Data records:
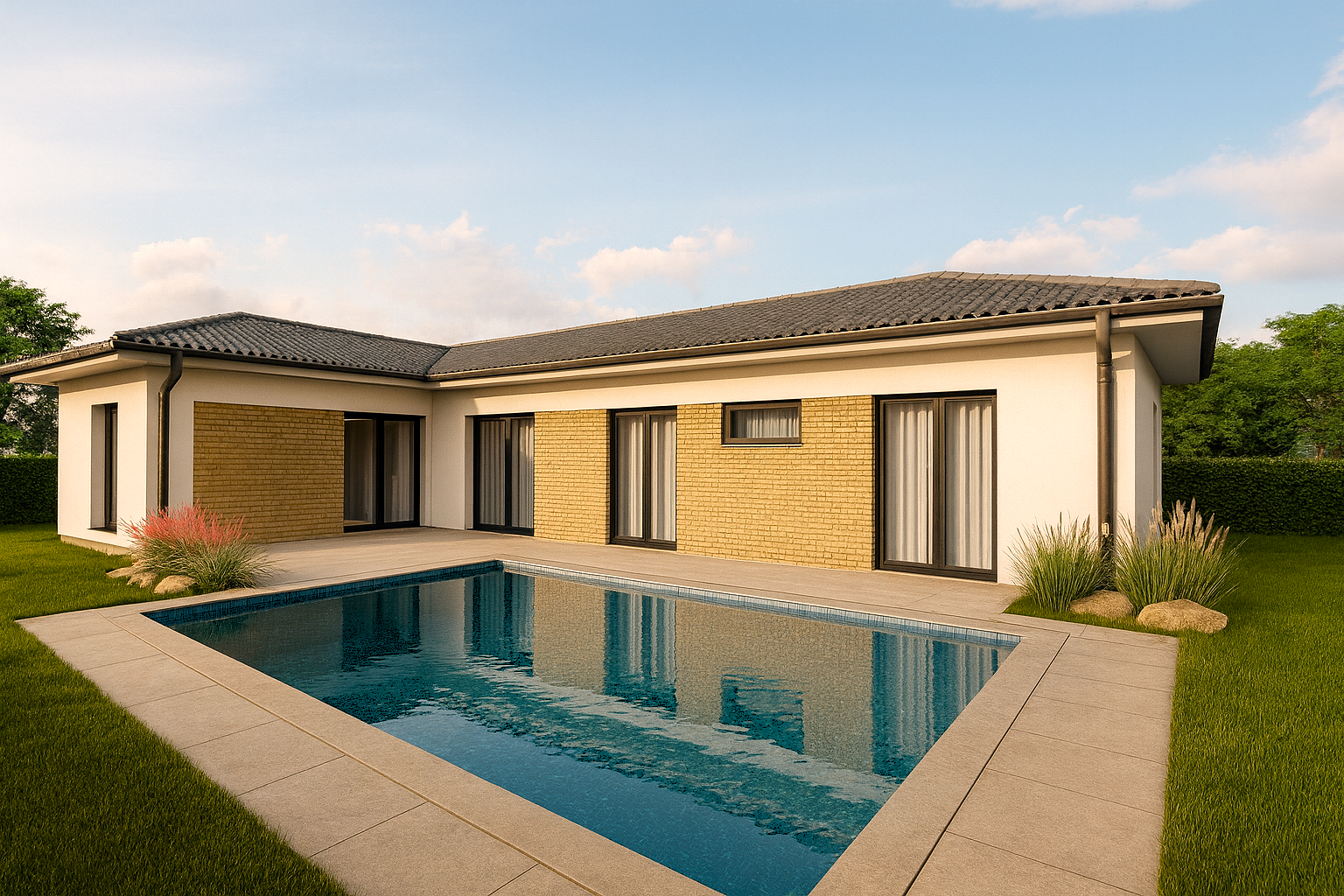 ✔ Dom pôsobí svetlejšie, vzdušnejšie a pôsobivo prepojuje interiér so záhradou.
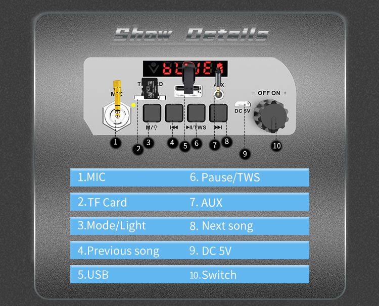 10W Portable High Power Led Colorful Light Stage Party Dj Music Audio Mic Subwoofer Karaoke Speaker
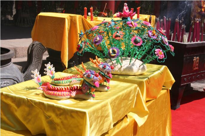 黄陵面花自古以来就与黄帝的祭典紧紧融为一体,不可分割。传说神农氏尝百草、识五谷(据《黄帝内经》记载五谷为“粳米、小豆、麦、大豆、黄黍”),自此,先民们便告别了茹毛饮血的蛮荒时代,进入了农耕的文明时代。“黄帝崩、葬桥山”(据司马迁《史记》),当时人们为了缅怀黄帝功德,祈求风调雨顺,在祭祀黄帝的过程中,以太牢(指三牲:豕、羊、牛)、时令水果、鲜花、五谷而供奉于灵位之前,行三拜九叩之礼,至虔至诚,后来随着生产力的发展和社会文明程度的日益提高,从而用面粉做出各色动物、花卉来替代三牲、花卉,用面花祭品祭祀祖先这一形式经过漫长的发展演变,逐渐由官方向民间转化,同时也紧紧地与当地的生产生活、岁时节令、婚丧嫁取、生儿育女等结合起来,更加增加了面花在民间的普及性和平民化特征,时代发展到今天,面花在当地群众的日常生活中也随处可见,成为祭祀活动中和日常生活中不可或缺的重要组成部分。
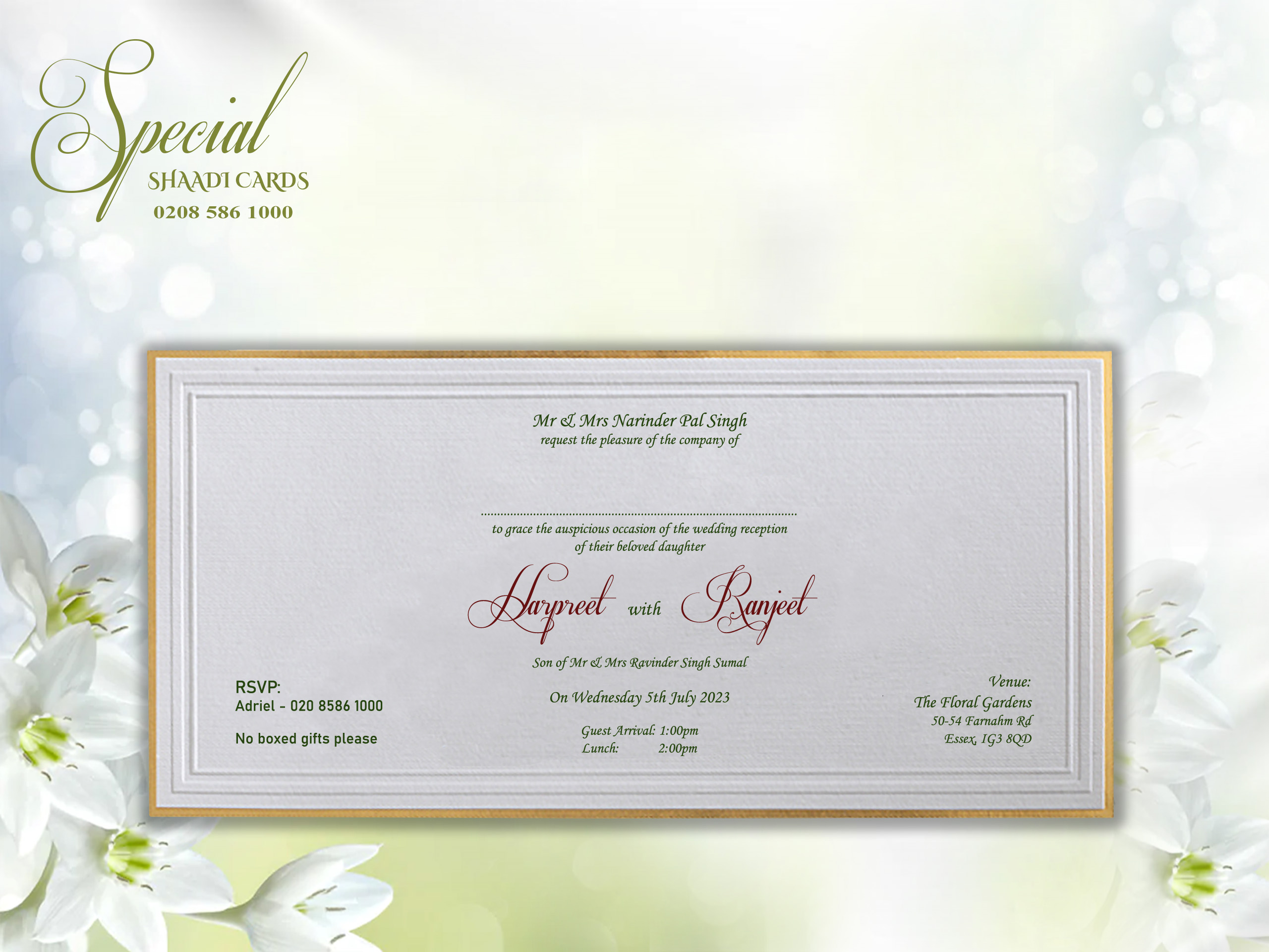 This card is supplied with an envelope and is personalized with your details. The printing is done on the card itself instead of a separate insert. Additional inserts can be purchased for other functions or to add more information such as directions or RSVPs. If you require additional inserts please also add that product to your cart. All our products are printed in the UK at our London warehouse. Please pop in to see the cards for yourself.
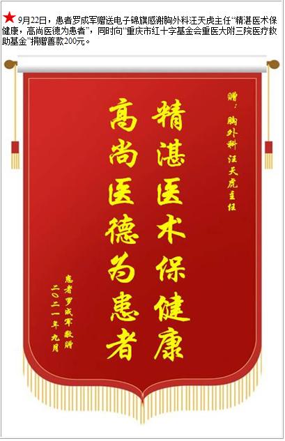 患者罗成军赠送电子锦旗感谢胸外科汪天虎主任,并向疗救助基金捐赠善款200元-锦旗-患者心声-患者服务-重庆医科大学附属第三医院【官方网站】
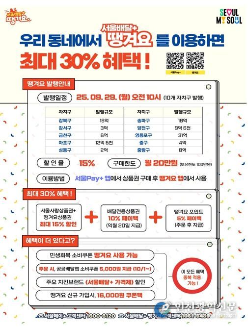 ' 29일(월)부터 ‘자치구 배달전용상품권’ 110억 규모 발행… ‘서울페이+’ 앱에서 15% 할인 판매'
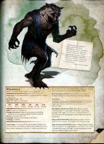 into a wolf-humanoid hybrid or into a wolf, or back into its true +4 to hit, reach 5 ft. or range 20/60 ft., one creature. Hit: 5 (1d6
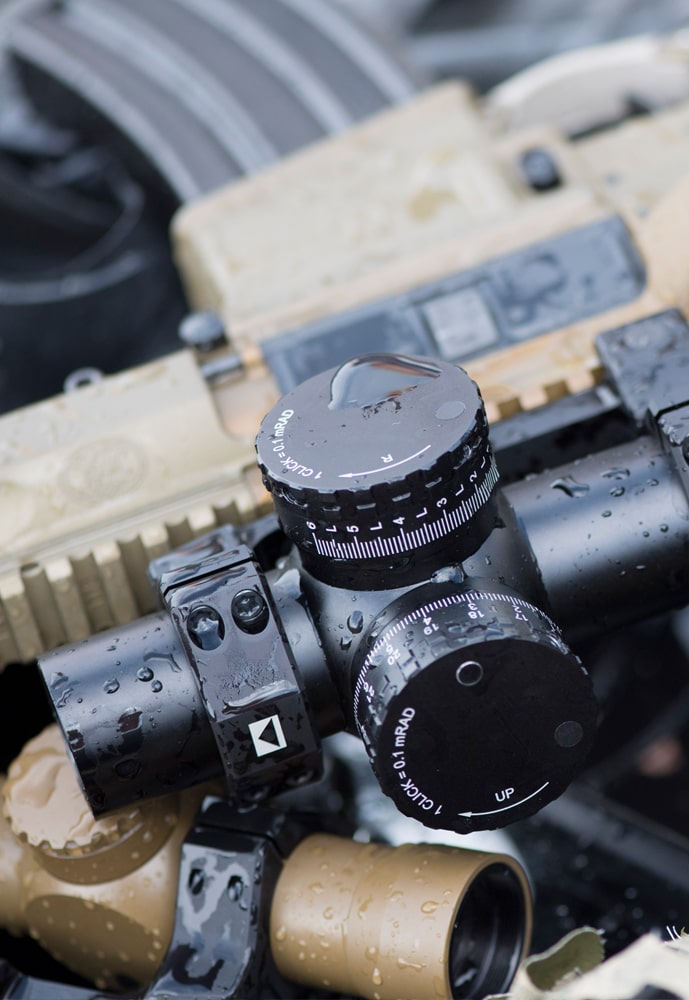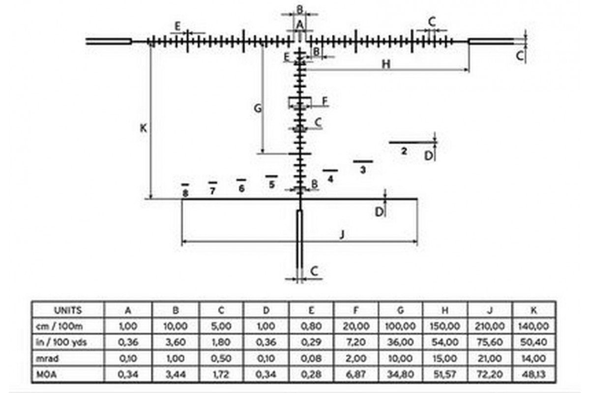 8x suurennoskerroin antaa käyttäjälle enemmän mahdollisuuksia - toimivuutta lähitilaiteista pidemmillekin matkoille. 1x suurennoksen avara näkymä kirkkaalla punapisteella on nopea, 8x suurennos tuo tarkkuutta pidemmillekin matkoille. Ristikko on milliradiaaninen, kalibroituna 8x suurennokselle.
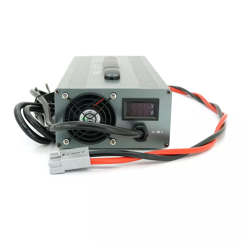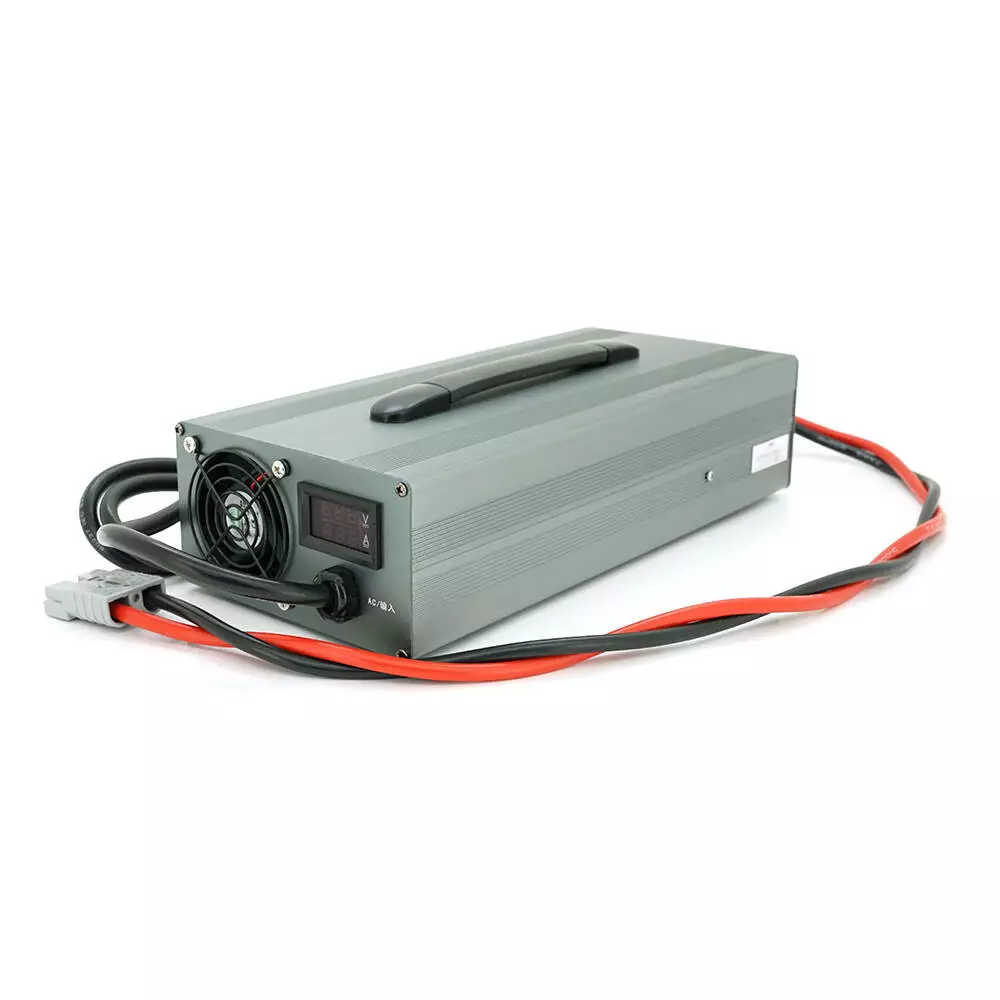 Зарядний пристрій призначений для заряджання літій-залізо-фосфатних (LiFePO4) акумуляторних батарей 12 В з напругою заряду 14,6 В. Він має струм заряду 50 А, що забезпечує швидку та ефективну зарядку акумуляторів. Пристрій оснащений роз'ємом Anderson для зручного та надійного підключення до акумуляторів.
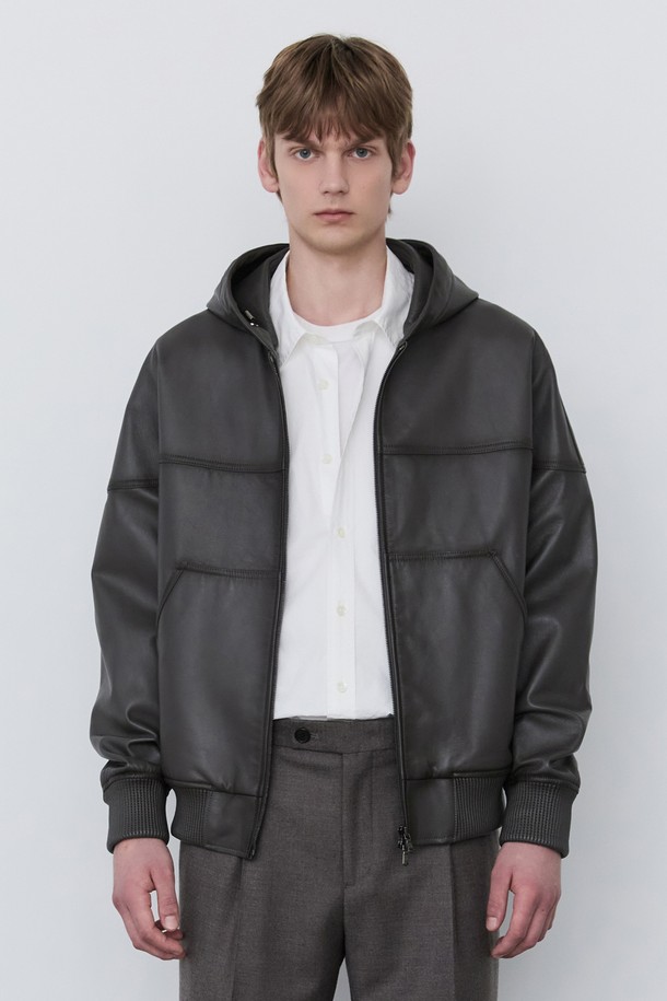 그레이 램스킨 오일 브러쉬 후드 점퍼 (JNJU5C506G2)

The task: Print all the entries exactly as they appear, without the pictures.

Answer box:
 ✔ Dom pôsobí svetlejšie, vzdušnejšie a pôsobivo prepojuje interiér so záhradou.
 10W Portable High Power Led Colorful Light Stage Party Dj Music Audio Mic Subwoofer Karaoke Speaker
 黄陵面花自古以来就与黄帝的祭典紧紧融为一体,不可分割。传说神农氏尝百草、识五谷(据《黄帝内经》记载五谷为“粳米、小豆、麦、大豆、黄黍”),自此,先民们便告别了茹毛饮血的蛮荒时代,进入了农耕的文明时代。“黄帝崩、葬桥山”(据司马迁《史记》),当时人们为了缅怀黄帝功德,祈求风调雨顺,在祭祀黄帝的过程中,以太牢(指三牲:豕、羊、牛)、时令水果、鲜花、五谷而供奉于灵位之前,行三拜九叩之礼,至虔至诚,后来随着生产力的发展和社会文明程度的日益提高,从而用面粉做出各色动物、花卉来替代三牲、花卉,用面花祭品祭祀祖先这一形式经过漫长的发展演变,逐渐由官方向民间转化,同时也紧紧地与当地的生产生活、岁时节令、婚丧嫁取、生儿育女等结合起来,更加增加了面花在民间的普及性和平民化特征,时代发展到今天,面花在当地群众的日常生活中也随处可见,成为祭祀活动中和日常生活中不可或缺的重要组成部分。
 This card is supplied with an envelope and is personalized with your details. The printing is done on the card itself instead of a separate insert. Additional inserts can be purchased for other functions or to add more information such as directions or RSVPs. If you require additional inserts please also add that product to your cart. All our products are printed in the UK at our London warehouse. Please pop in to see the cards for yourself.
 患者罗成军赠送电子锦旗感谢胸外科汪天虎主任,并向疗救助基金捐赠善款200元-锦旗-患者心声-患者服务-重庆医科大学附属第三医院【官方网站】
 ' 29일(월)부터 ‘자치구 배달전용상품권’ 110억 규모 발행… ‘서울페이+’ 앱에서 15% 할인 판매'
 into a wolf-humanoid hybrid or into a wolf, or back into its true +4 to hit, reach 5 ft. or range 20/60 ft., one creature. Hit: 5 (1d6
 8x suurennoskerroin antaa käyttäjälle enemmän mahdollisuuksia - toimivuutta lähitilaiteista pidemmillekin matkoille. 1x suurennoksen avara näkymä kirkkaalla punapisteella on nopea, 8x suurennos tuo tarkkuutta pidemmillekin matkoille. Ristikko on milliradiaaninen, kalibroituna 8x suurennokselle.
 Зарядний пристрій призначений для заряджання літій-залізо-фосфатних (LiFePO4) акумуляторних батарей 12 В з напругою заряду 14,6 В. Він має струм заряду 50 А, що забезпечує швидку та ефективну зарядку акумуляторів. Пристрій оснащений роз'ємом Anderson для зручного та надійного підключення до акумуляторів.
 그레이 램스킨 오일 브러쉬 후드 점퍼 (JNJU5C506G2)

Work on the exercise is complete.